Meinhardt-Injac et al. (2020) found evidence for a two-component model of ToM in a study of participants between 11 and 25-years-old. The social-perceptual component entails inferring mental states from nonverbal cues (such as the eyes). Mental state judgments are immediate and directly elicited from perceptual stimuli. The social-cognitive component involves verbal reasoning about mental states. In distinguishing between social-perceptual and social-cognitive components, the two-factor model is consistent with Quesque and Rossetti (2020).

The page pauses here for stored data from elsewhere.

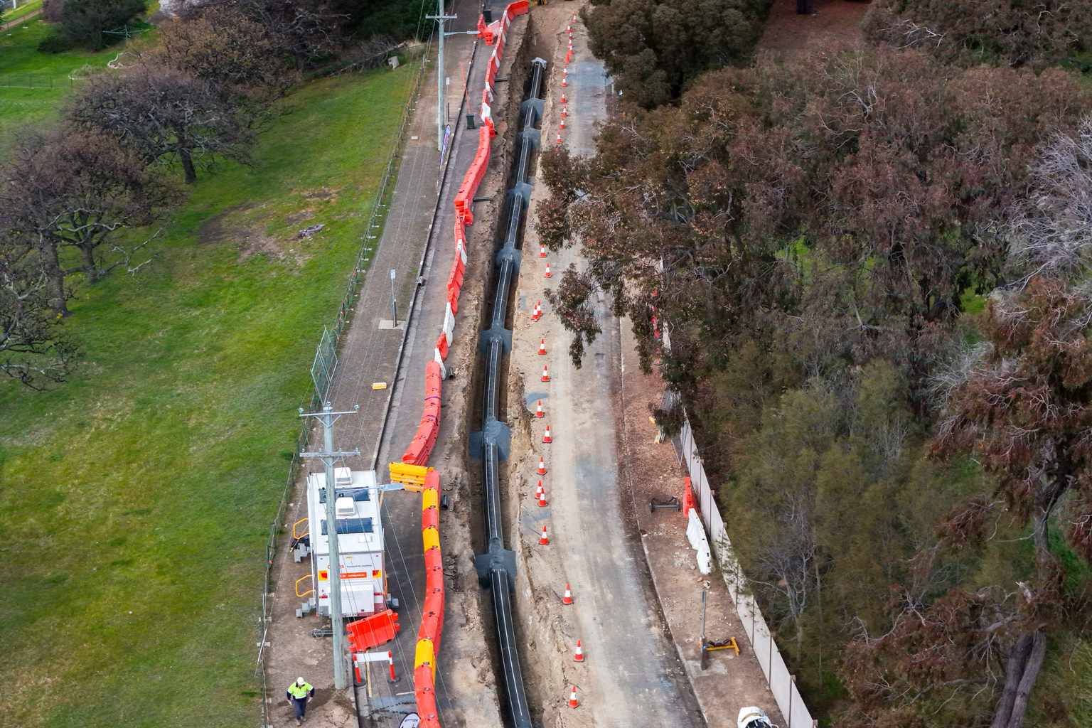Workers have completed 2.8 kilometres of a 4.3-kilometre pipeline and removed 10,000 cubic metres of soil at Macquarie Point.
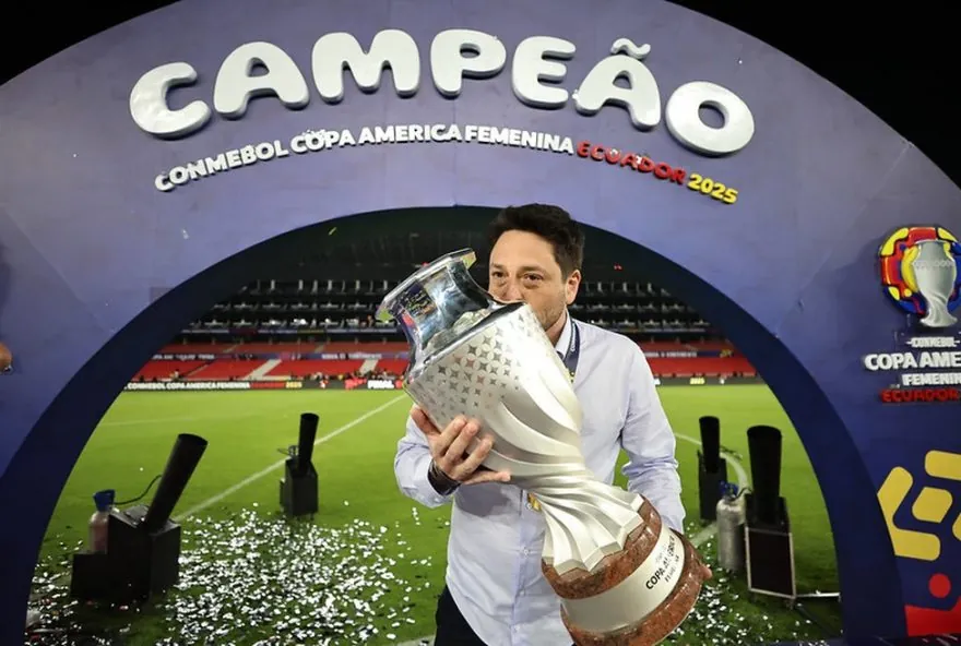 DE técnico de 44 anos treina a seleção brasileira feminina desde 2023. No último sábado, ele liderou a equipe na conquista da Copa América sobre a Colômbia. As equipes empataram em 4 a 4, e o Brasil ficou com o título nos pênaltis.
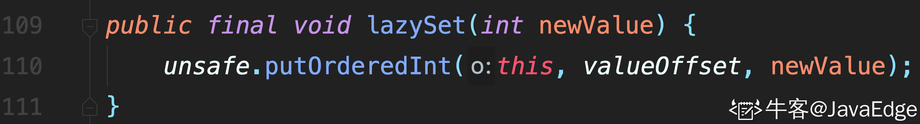 JDK 1.6 时引入. 大部分场景直接用 set 即可,但 set 内存屏障将禁止重排序,这会带来一定的性能消耗,因此非常关心性能,而lazySet不会立刻(但最终会)修改旧值,别的线程看到新值的时间会延迟一些

The Quesque and Rossetti (2020) analysis suggests that the Strange Stories and False Belief tasks (and the FIMI) should be related to one another, but not related to the Animation and RMET tasks. However, there is inconsistent support for that prediction within the childhood literature. On the one hand, measurements that should be related are, in fact, not always related. For instance, Hayward and Homer (2017) found that Second-Order False Belief and Strange Stories tasks were unrelated among 7–13-year-olds (n = 107; r = 0.06). Also, measurements that should be unrelated in the Quesque and Rossetti analysis sometimes actually are related. Devine (2021) suggests that the Animation and Strange Stories tasks share the same conceptual core. In both instances, participants explain social behavior by inferring the mental states of agents. In support of that characterization, the tasks were significantly correlated in 10-year-old children (n = 137; r = 0.34) and loaded onto a single latent factor (Devine et al., 2016; see also, Lecce et al., 2021).

Partial support comes from factor analytic work by Osterhaus et al. (2016). They found that three measurements—Higher-Order False Belief, Strange Stories, and the RMET—cohered into a social reasoning factor for children in grades 2–4 (n = 466). Two other factors were reasoning about ambiguity and recognition of social norm transgressions. The relationship between Higher-Order False Belief and Strange Stories is at odds with Hayward and Homer (2017). One explanation is task variation between studies. For instance, Hayward and Homer reported comprehension problems for the Strange Stories task in their sample. Consequently, they limited their analyses to just a subset of the items for which children passed comprehension questions. More generally, in the ToM literature there are multiple task variants, which complicates between-study comparisons and likely contributes to inconsistent findings.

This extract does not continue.